"What I should have done": Reflection on engineering in research

2024. 12. 21. 15:29미국박사유학

In this post, I will reflect myself and research process from a specific perspective: "what I should have done". There are several reasons that this post will be useful. If I can avoid the same mistake or more optimize the research trajectory in next projects, I can be more productive and less exhausted, eventually more consistent progress and sustainable work.

In this post, I will focus on engineering part. 

 

This could be surprisingly and not surprisingly the most consuming and demotivating part of the research process. Not surprisingly because engineering always takes time, but surprisingly engineering itself often is not the goal of research (but necessary). Hence, if you can find a faster way to implement the idea, you should take the path. You should pursue it, unless it is incorrect or affects the design or future productivity.

This is (again) surprisingly not easy even if it sounds straightforward. Often, it is not clear the current implementation plan is good or not. It is hard to judge. Sometimes, you don't even know you have to judge. This is true because to do it you have to evaluate every engineering decision before you execute which is not very plausible. Note that implementation itself is not the goal of your research project. Even if you make a rational judgement based on your knowledge and take the fastest path that you 'believe', it might turn out to be very bad decision, consuming a lot more time or completely useless.

 

Example: workload generator (the least important, the most time consuming)

Surprisingly, I spent too much time on workload generator. I used four different workload generator including three open sources and my own implementation.

 

wrk2: it does not give you the per request result. It only gives you the detailed percentile. It is hard to debug without per request and also impossible to plot fancy timeline graph.

 

my own workload generator (namely client): perfect except that it was not resource efficient. one thread was used for each request. and when app can't handle the load, a lot of threads hang there and exhaust the CPU resource.

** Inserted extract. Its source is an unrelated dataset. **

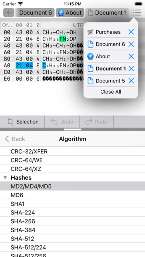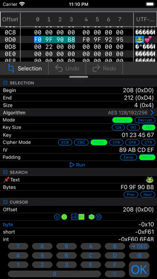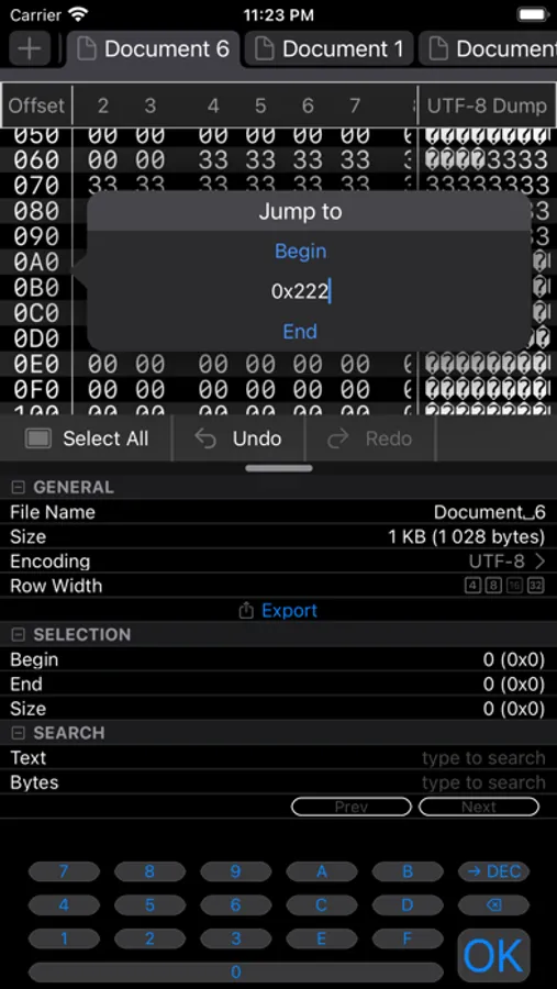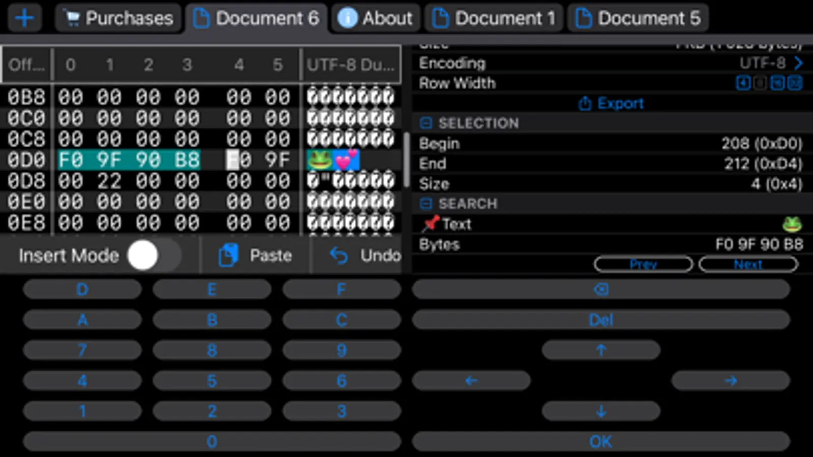 • Choose from Decimal or Hexadecimal formats for the file offset values by tapping on the Offset column header

It especially caused the resource exhaustion problem when we were benchmarking our own file write application which is slow. 

 

locust: didn't support changing rps for different headers dynamically during experiment. I also tried to walk around by running multiple locust processes for separate workload for each header (west,east, ...). But its internal implementation uses master thread with a static TCP port. Two processes were conflicting each other. 

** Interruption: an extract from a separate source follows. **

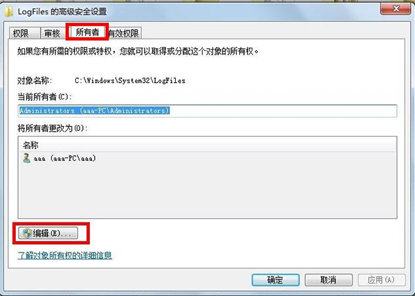 第三步 点击“所有者”选项,选择“编辑”;

I  evaluated it before I fully transited to it but couldn't fully figure out what it supports and what it does not. It didn't support dynamic load for requests of different headers. It supports only static ratio between different headers not configured RPSs. 

 

vegeta: it does not support exponential inter arrival time. but it checks all the other boxes. So we ended up using it.

 

The problem was it took multiple months to reach the vegeta. 

And different workload generator changes the latency profile a lot and whenever we use a new workload generator, we needed to profile again, if something goes wrong, needs to debug. And the entire experiment script which has 1000 lines of python code and more bash scripts should be updated which is A LOT OF UNNCESSARY work. (while I am writing, I still feel so bad about all the hours that I put on it..)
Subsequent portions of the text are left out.